___ COLLECTED MATERIAL ___
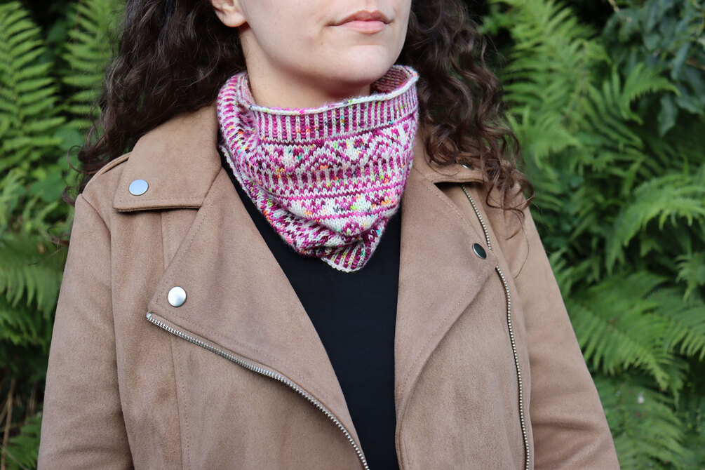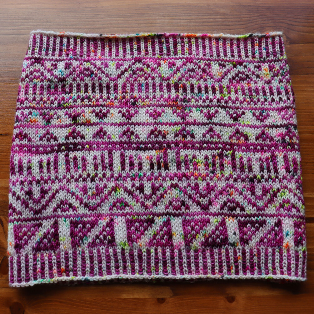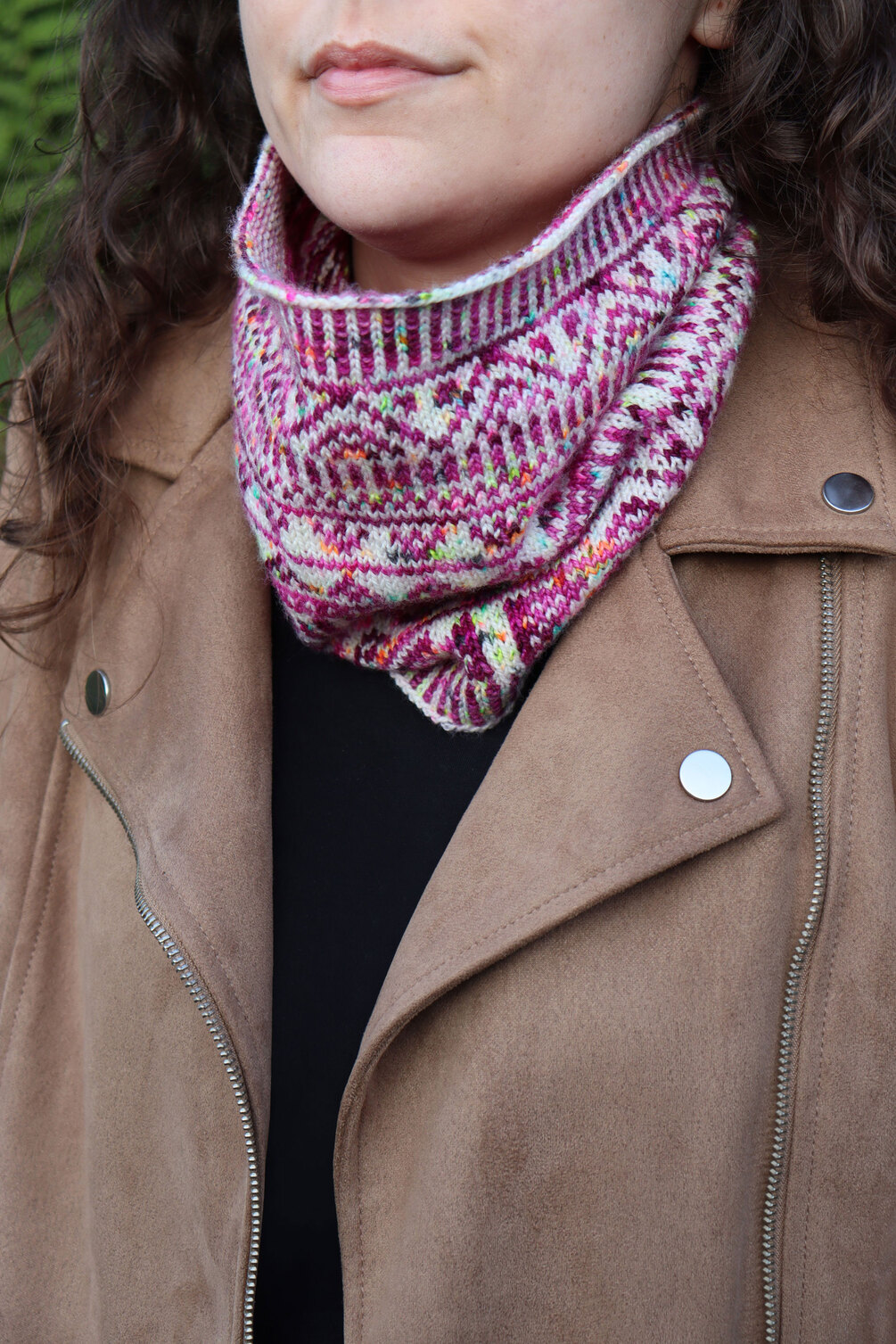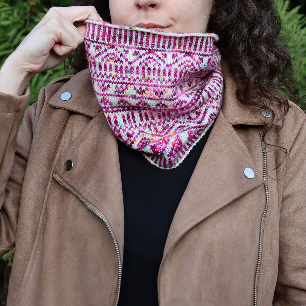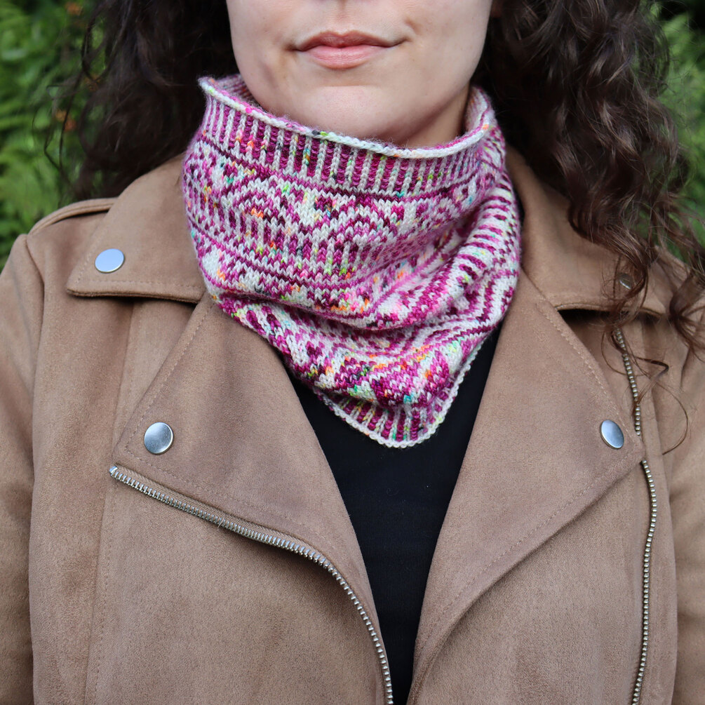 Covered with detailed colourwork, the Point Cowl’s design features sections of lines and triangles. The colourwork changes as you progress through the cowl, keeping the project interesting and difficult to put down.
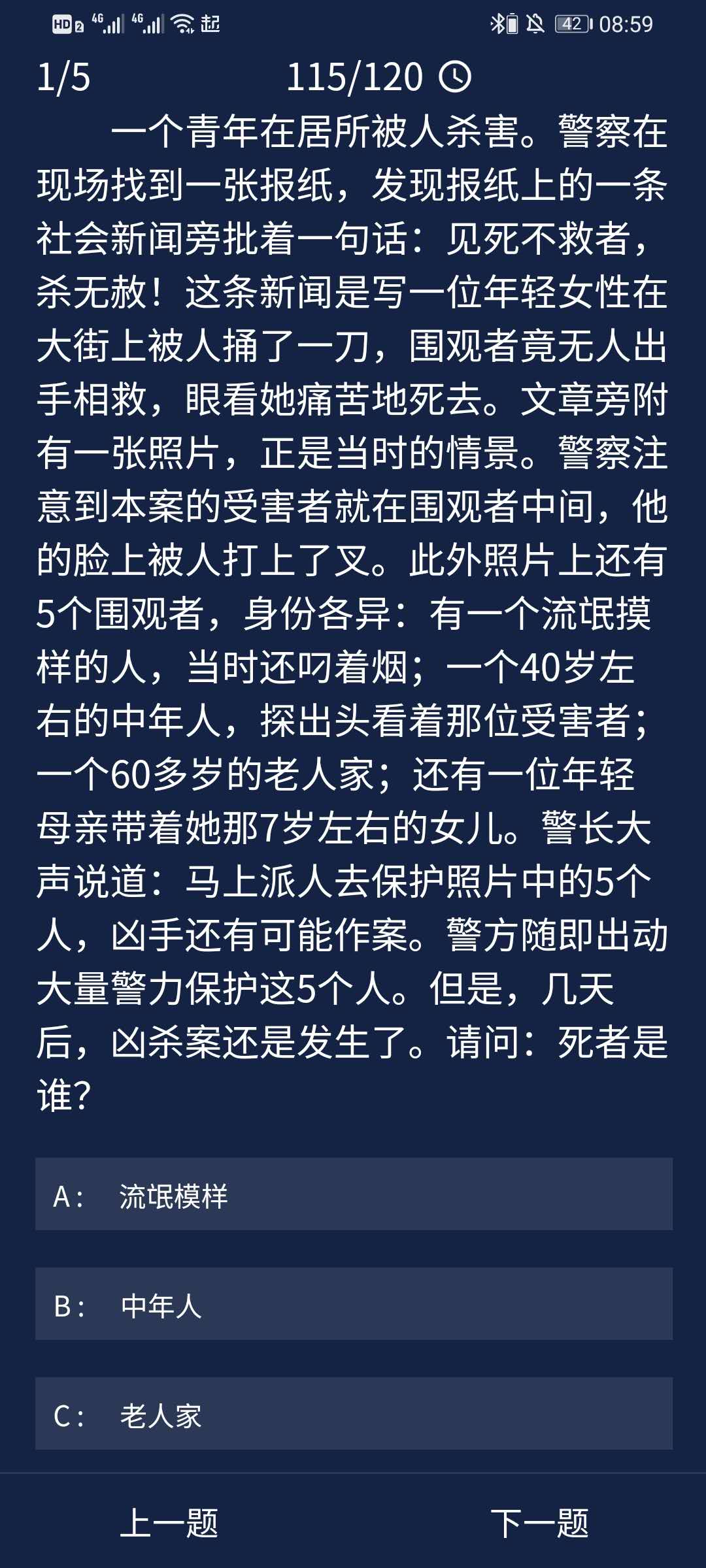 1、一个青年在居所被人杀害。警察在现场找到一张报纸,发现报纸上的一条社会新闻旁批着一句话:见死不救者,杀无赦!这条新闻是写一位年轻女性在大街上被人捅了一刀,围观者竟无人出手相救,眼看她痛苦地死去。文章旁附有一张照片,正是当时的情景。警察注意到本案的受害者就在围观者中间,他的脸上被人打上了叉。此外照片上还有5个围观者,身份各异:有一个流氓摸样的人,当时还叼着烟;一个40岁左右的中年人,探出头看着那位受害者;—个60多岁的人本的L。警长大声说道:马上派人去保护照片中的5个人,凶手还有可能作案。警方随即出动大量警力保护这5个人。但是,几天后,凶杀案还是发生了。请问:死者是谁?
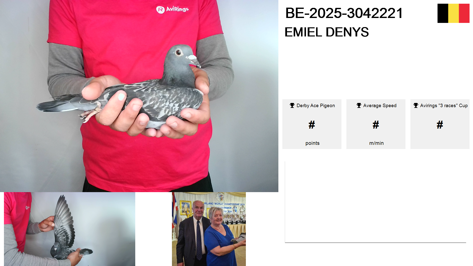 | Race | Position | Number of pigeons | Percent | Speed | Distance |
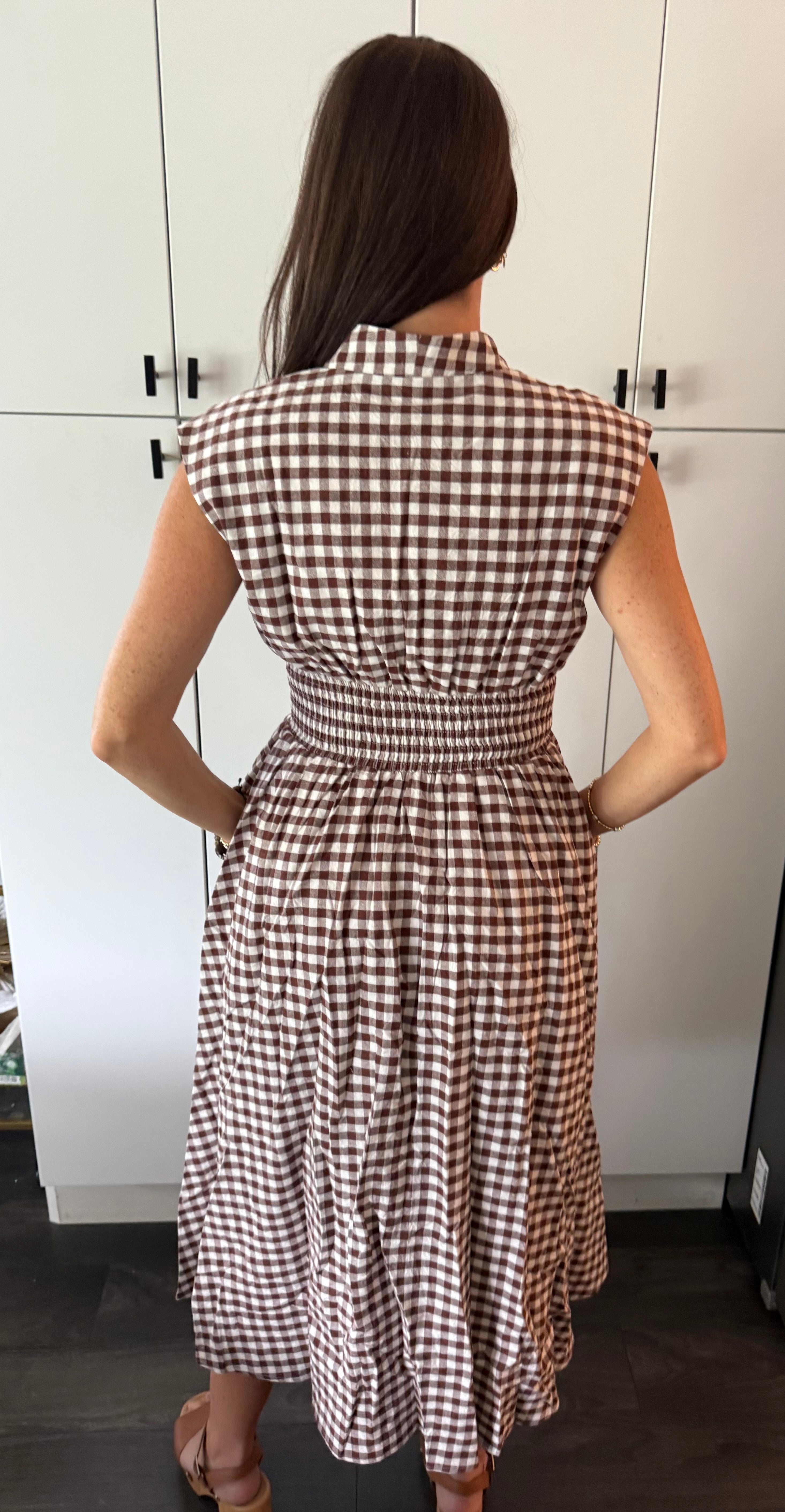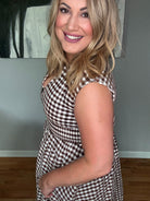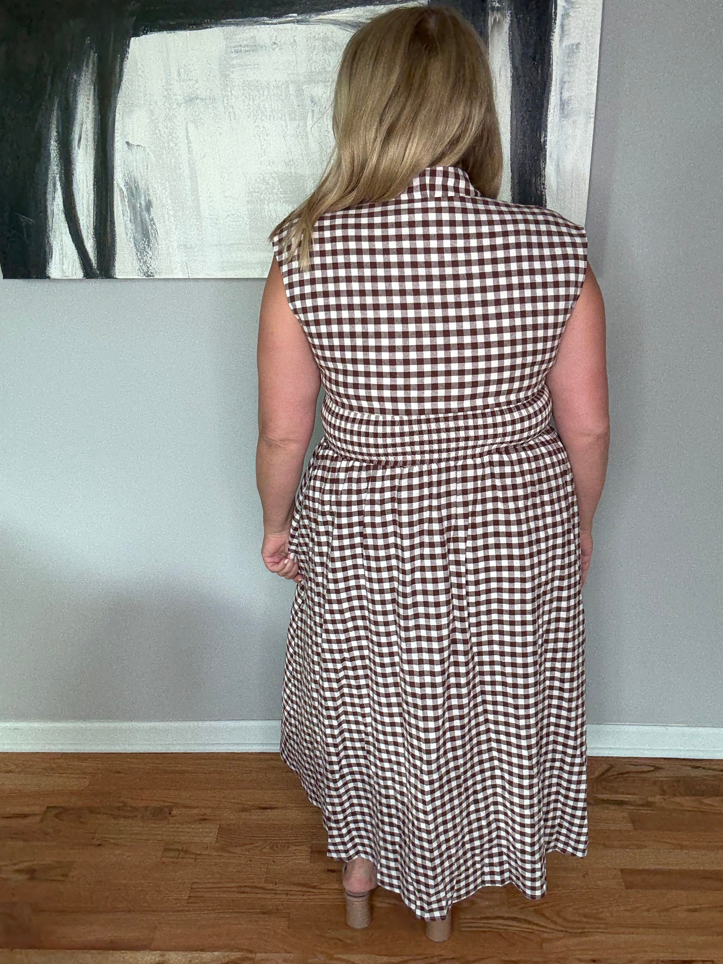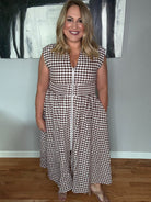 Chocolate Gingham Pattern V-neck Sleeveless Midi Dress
___
HOW TO COMPLETE THIS TASK: Leave the pictures aside. Set down exactly the lines from the one with "1、一个青年在居所被人杀害。" through the final line of the listing above.

ANSWER SECTION:
 1、一个青年在居所被人杀害。警察在现场找到一张报纸,发现报纸上的一条社会新闻旁批着一句话:见死不救者,杀无赦!这条新闻是写一位年轻女性在大街上被人捅了一刀,围观者竟无人出手相救,眼看她痛苦地死去。文章旁附有一张照片,正是当时的情景。警察注意到本案的受害者就在围观者中间,他的脸上被人打上了叉。此外照片上还有5个围观者,身份各异:有一个流氓摸样的人,当时还叼着烟;一个40岁左右的中年人,探出头看着那位受害者;—个60多岁的人本的L。警长大声说道:马上派人去保护照片中的5个人,凶手还有可能作案。警方随即出动大量警力保护这5个人。但是,几天后,凶杀案还是发生了。请问:死者是谁?
 | Race | Position | Number of pigeons | Percent | Speed | Distance |
 Chocolate Gingham Pattern V-neck Sleeveless Midi Dress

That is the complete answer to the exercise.